## Tuesday, February 2, 2016

### Parallelization of Pollard's rho Method

Pollard's rho method is probably the most common and well-known algorithm for computing discrete logarithms. However, the standard version is not very useful for large problems. We thankfully understand rather well how to adapt the algorithm in such a way that we can use it in a parallel fashion. We will focus on discrete logarithms in the elliptic curve setting.

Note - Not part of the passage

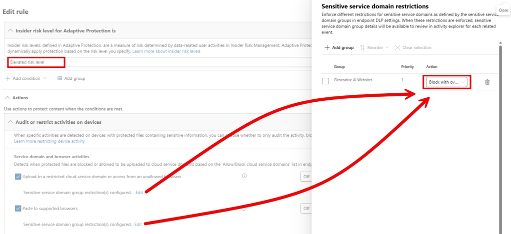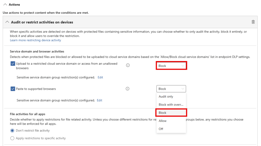 Make your way to the ‘Actions’ section, and configure ‘upload to a restricted cloud service domain’ and ‘paste to supported browsers’ to ‘block’. That’s all there is to it! Before enabling this policy, do note that it actually starts blocking the defined sensitive info from being uploaded or pasted to all supported generative AI sites.

To give credit where credit is due, the explanations were primarily adapted from those available in [1]. There are earlier explanations of the concept, but I feel this is the most readily understandable.

### The Standard Version

The discrete logarithm for elliptic curves (ECDLP) is defined as finding a scalar $n$ such that $nP = Q$ for points $P$ and $Q \in G$ where $\langle P \rangle = G$. Standard Pollard rho now works by finding a collision between two distinct linear combinations of $P$ and $Q$. That is, finding a collision in the map
$(a,b) \mapsto aP + bQ.$
Given this collision $(a, a', b, b')$ we can, with high probability, compute the scalar $n$. Finding this collision is done by iterating a function $f$ that, from one linear combination of $P, Q$, outputs another valid linear combination of $P, Q$. The standard version simply computes one long chain of iterations until it detects a cycle in this chain, yielding the necessary collision.

If the output of $f$ produces random linear combinations of $P$ and $Q$ and $l$ is the order of $P$, we expect to need $\sqrt{\pi l / 2}$ iterations to succeed, as per the standard birthday problem. This is known as a random walk.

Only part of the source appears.